Halligan was nominated in September 2010 to a judicial seat that U.S. Supreme Court Chief Justice John Roberts had held before joining the high court. She was New York's solicitor general, the state's top appellate attorney, until 2006 and a partner at Weil Gotshal & Manges.

This is the second time this Congress one of Obama's judicial nominees faced a Republican blockade. This year, GOP senators successfully filibustered Obama's pick for the Ninth Circuit Court of Appeals, University of California Law, Berkley School of Law professor Goodwin Liu, who withdrew his nomination in May. California Gov. Jerry Brown, a Democrat, later offered him a spot on the state's Supreme Court.

A Republican filibuster of Halligan's confirmation is notable because of the D.C. Circuit's reputation as a bench for future U.S. Supreme Court justices and the second most significant court in the country. Judges in that court often hear prominent cases about federal law and regulation.

The new standard applied by Senate Republicans to nominations to the D.C. Circuit will make it nearly impossible for nominees of any president to be confirmed to this important court, Sen. Patrick Leahy, a Vermont Democrat who chairs the Senate Judiciary Committee, said Tuesday. Ms.
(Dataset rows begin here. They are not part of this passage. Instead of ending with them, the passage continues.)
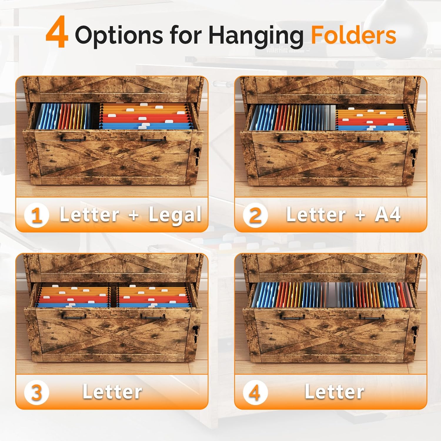 - 【Lockable for Privacy】The 2 large drawers for hanging folders can be independently locked, and each lock is accompanied by 2 keys for added security.
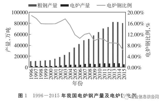 世界上第一台电弧炉是由法国人Heroult于1899年发明,然而我国真正开始大力发展电弧炉则是在上世纪80年代末90年代初,特别是1993 年“当代电炉流程和电炉工程研讨会”在上海召开后,我国电弧炉炼钢的技术和产量都不断提高[3-4] 。图1是1996-2015年我国电炉钢产量及电炉钢比例图表。从图中可以看出,从1996年到2014年,电弧炉产量逐渐提高,然而粗钢总产量的增长速度却要明显快于电炉钢的产量,尤其是2000年之后,中国粗钢产量迅猛发展,使得我国电炉钢的比例反而下降,从1996年接近20%降低到6%-8% 。在2015年,我国粗钢及电炉钢产量都有所降低,尤其是粗钢产量在近年来首次出现了负增长。这一年电炉炼钢的比例也降低到了6.1%。
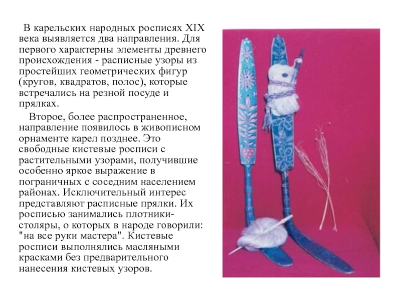 Второе, более распространенное, направление появилось в живописном орнаменте карел позднее. Это свободные кистевые росписи с растительными узорами, получившие особенно яркое выражение в пограничных с соседним населением районах. Исключительный интерес представляют расписные прялки. Их росписью занимались плотники-столяры, о которых в народе говорили: "на все руки мастера". Кистевые росписи выполнялись масляными красками без предварительного нанесения кистевых узоров.
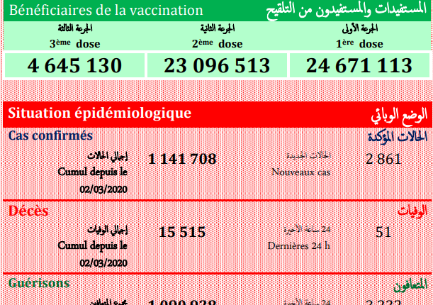وأشارت النشرة إلى أن الحصيلة الجديدة للإصابات بالفيروس رفعت العدد الإجمالي لحالات الإصابة المؤكدة بالمملكة إلى مليون و141 ألفا و708 حالات منذ الإعلان عن أول حالة في 2 مارس 2020، فيما بلغ مجموع حالات الشفاء التام المليون و90 ألفا و938 حالة بنسبة تعاف تبلغ 95.6 في المائة، فيما بلغ عدد الوفيات 15 ألفا و515 بنسبة فتك تصل إلى 1,4 في المائة.
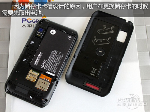 拆开电池后,我们可以看见电池仓还是比较工整的,没有让用户直接看见电路板,不过要先取出电池才能装卸存储卡就比较遗憾了。
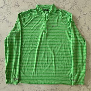 Nike Dry-Fit Green Element Stripe 1/2-Zip Running Pull Over - Mens XL
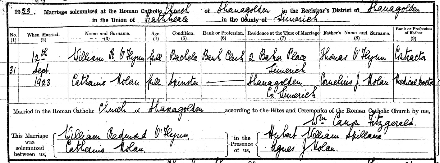 She mar 12 Sept 1923 to Bill O'Flynn and had issue.
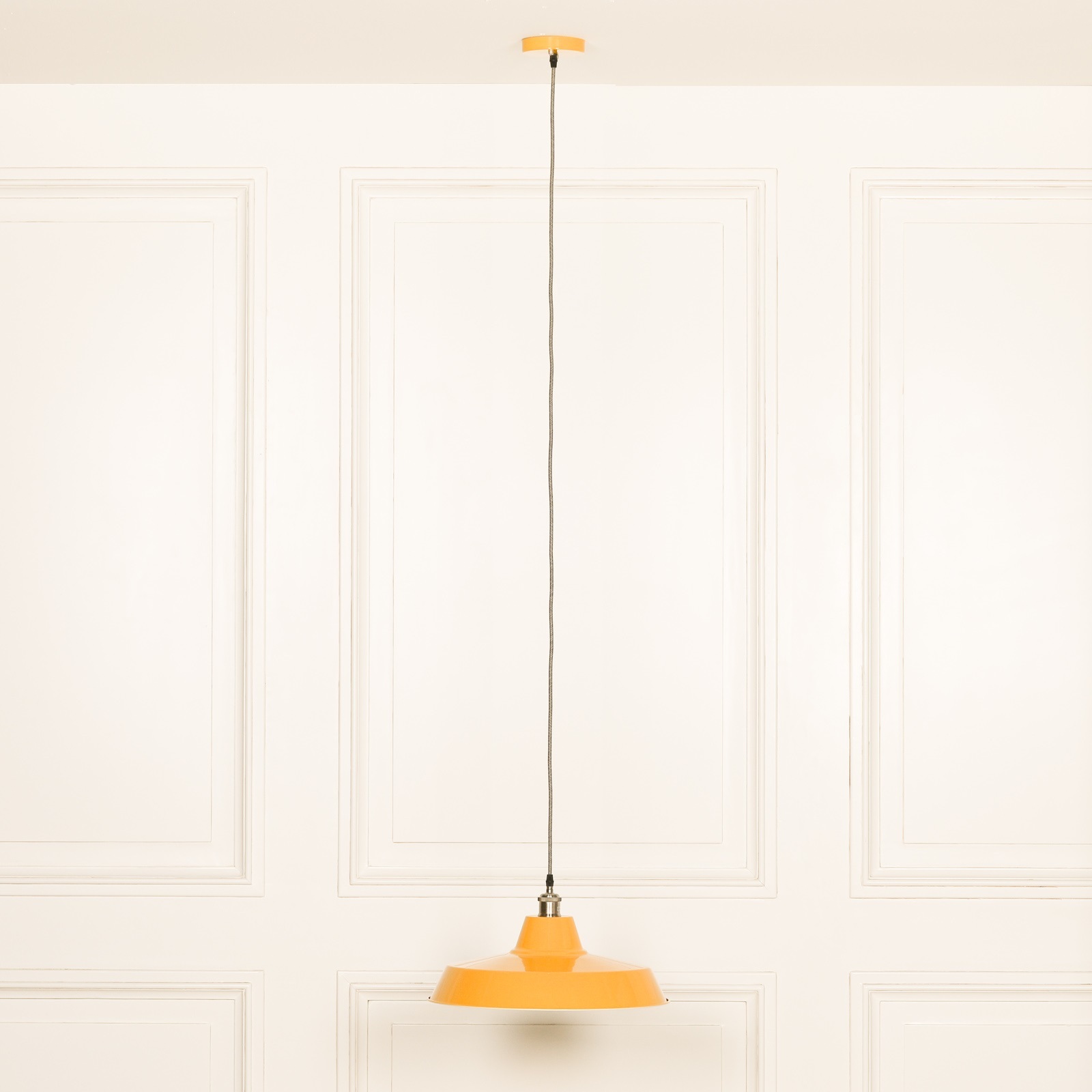 46cm large pendant light in a factory-style with mustard yellow enamel metal painted finish and an adjustable braided cord.
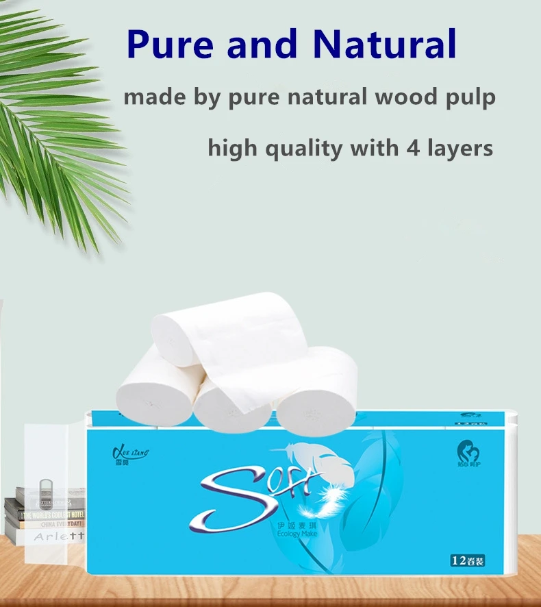 12 рулон туалетной бумаги/лот мягкая, нежная туалетная бумага рулон бумаги 4 слоя, кухня, ванная комната для очистки древесины быстро
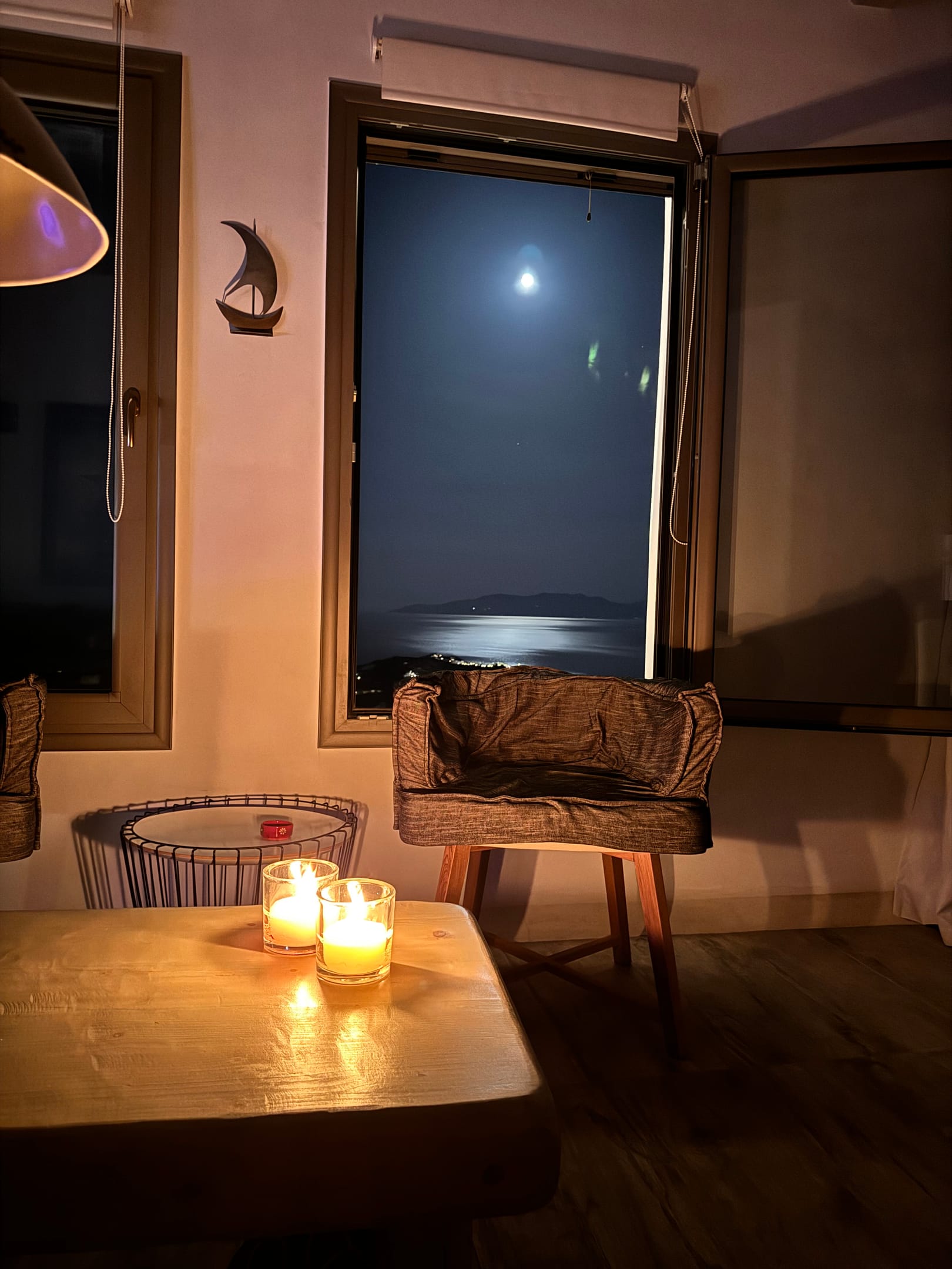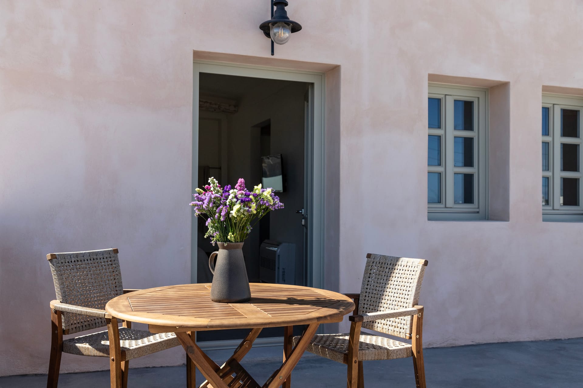 •One features a private mini pool spa (Jacuzzi) with partial shading and breathtaking views of the Aegean Sea

Halligan is the kind of nominee we should all welcome to public service.

Sen. Chuck Grassley, the top Republican on the Senate Judiciary Committee, has said that nominations to this appeals court deserve special scrutiny. Grassley of Iowa has also pointed out the failure of President George W. Bush's nominees to get confirmed when Democrats controlled the Senate.

Grassley on the Senate floor Tuesday denounced Halligan's activist record, specifically her legal work in a gun control case and her participation in a New York City Bar Association report critical of the Bush's administration's detainee policies.

As New York's chief appeals lawyer, Halligan had a role in the state's lawsuit against gun manufacturers seeking to hold them liable for crimes committed with illegal handguns. She also filed an friend-of-the-court brief on behalf of New York State in favor of New York City's legal challenge to a federal law providing legal cover for gun makers.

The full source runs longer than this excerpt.